Le Barreau du Nord-Kivu est aujourd’hui divisé entre les zones occupées (Goma) et celles sous autorité gouvernementale (Grand Nord). Cette dualité géographique entrave gravement son fonctionnement et sa capacité à défendre efficacement les justiciables.
Dans les zones sous contrôle du M23, les avocats sont confrontés à un climat d’intimidation constant : arrestations arbitraires, menaces, pressions pour renoncer à certaines affaires. Plusieurs confrères sont détenus sans fondement ou directement visés par des menaces. Le simple exercice de défense expose les avocats à des représailles immédiates des autorités de facto.
Le M23 a mis en place un système judiciaire parallèle à celui en place. Des individus non habilités, parfois formés dans des camps militaires, rendent des décisions sans fondement légal. L’indépendance des avocats est alors inexistante : toute action en défense peut être perçue comme une opposition politique, avec le risque d’arrestation ou de représailles physiques.

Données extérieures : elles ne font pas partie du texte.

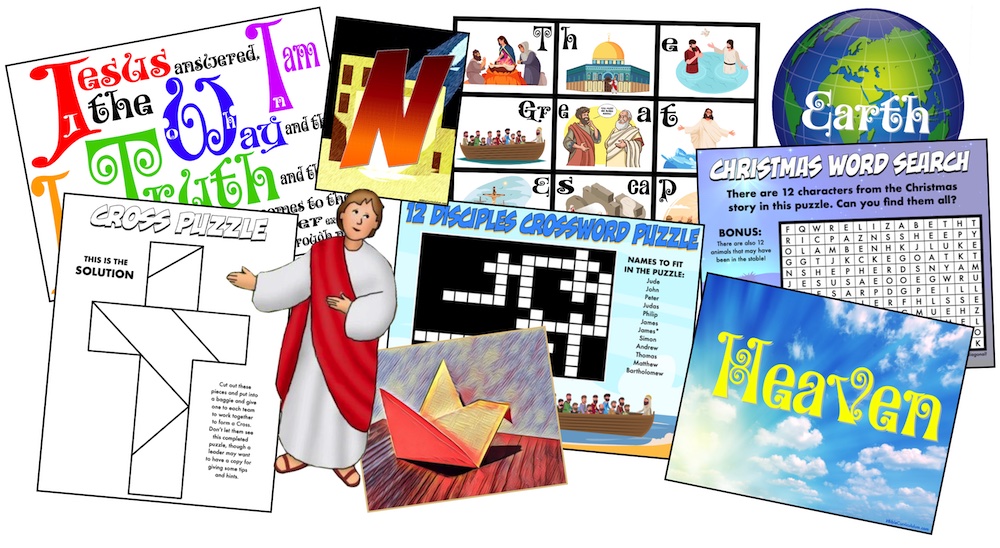 Once they have all nine puzzle pieces, they will complete the puzzle, tape it together, and turn it over to discover the phrase that will allow them to "ESCAPE" and win the game! That same phrase contains the secret to escaping the consequences of sin and entering heaven! (John 14:6)
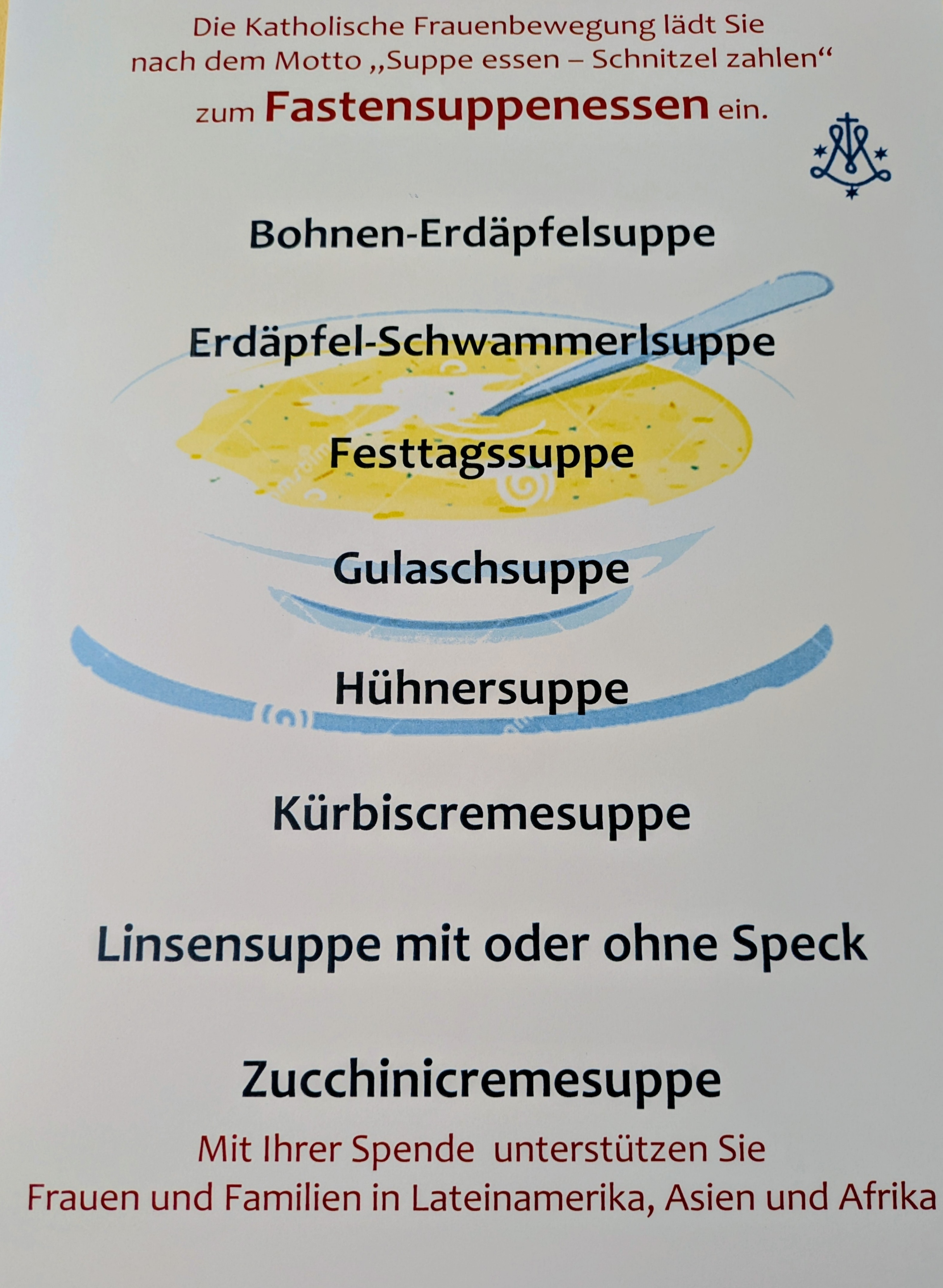 Nach dem Motto "Suppe essen - Schnitzel zahlen" werden mit den eingenommenen Spenden Frauen und Familien in Lateinamerika, Asien und Afrika unterstützt.

Des dynamiques similaires émergent à Bukavu (Sud-Kivu), où des pressions croissantes s’exercent également sur les avocats et magistrats dans un contexte d’insécurité croissant. Les conséquences humaines de cette crise régionale sont déjà dramatiques, entre exils forcés, justice populaire et détentions extrajudiciaires.
L’Observatoire rappelle que, conformément à l’article 3 commun aux Conventions de Genève et aux principes fondamentaux du droit international humanitaire, les avocats, en tant que civils, doivent être protégés contre toute forme de violence, notamment : « a) les atteintes portées à la vie et à l’intégrité corporelle, notamment le meurtre sous toutes ses formes, les mutilations, les traitements cruels, tortures et supplices ; b) les prises d’otages ; c) les atteintes à la dignité des personnes, notamment les traitements humiliants et dégradants ; d) les condamnations prononcées et les exécutions effectuées sans un jugement préalable, rendu par un tribunal régulièrement constitué, assorti des garanties judiciaires reconnues comme indispensables par les peuples civilisés. »
Par ailleurs, l’Observatoire exhorte les parties au conflit de respecter ses engagements en vertu du Protocole Additionnel aux Conventions de Genève du 12 août 1949 relatif à la protection des victimes des conflits armés non internationaux (Protocole II) du 8 juin 1977, notamment son article 1.1, qui dispose que « Le présent Protocole s’applique à tous les conflits armés (…) qui se déroulent sur le territoire d’une Haute Partie contractante entre ses forces armées et des forces armées dissidentes ou des groupes armés organisés placés sous une direction responsable, exerçant un tel contrôle sur une partie du territoire qu’ils sont en mesure de mener des opérations militaires continues et concertées. »
Le harcèlement systématique dont sont victimes les avocats dans les zones contrôlées par le M23 constitue une violation grave du DIH et doit faire l’objet d’une attention immédiate de la communauté internationale.
[1] « Mouvement du 23 mars », formé en 2021 par des membres des forces armées de la RDC (FARDC) et soutenu par les forces armées rwandaises.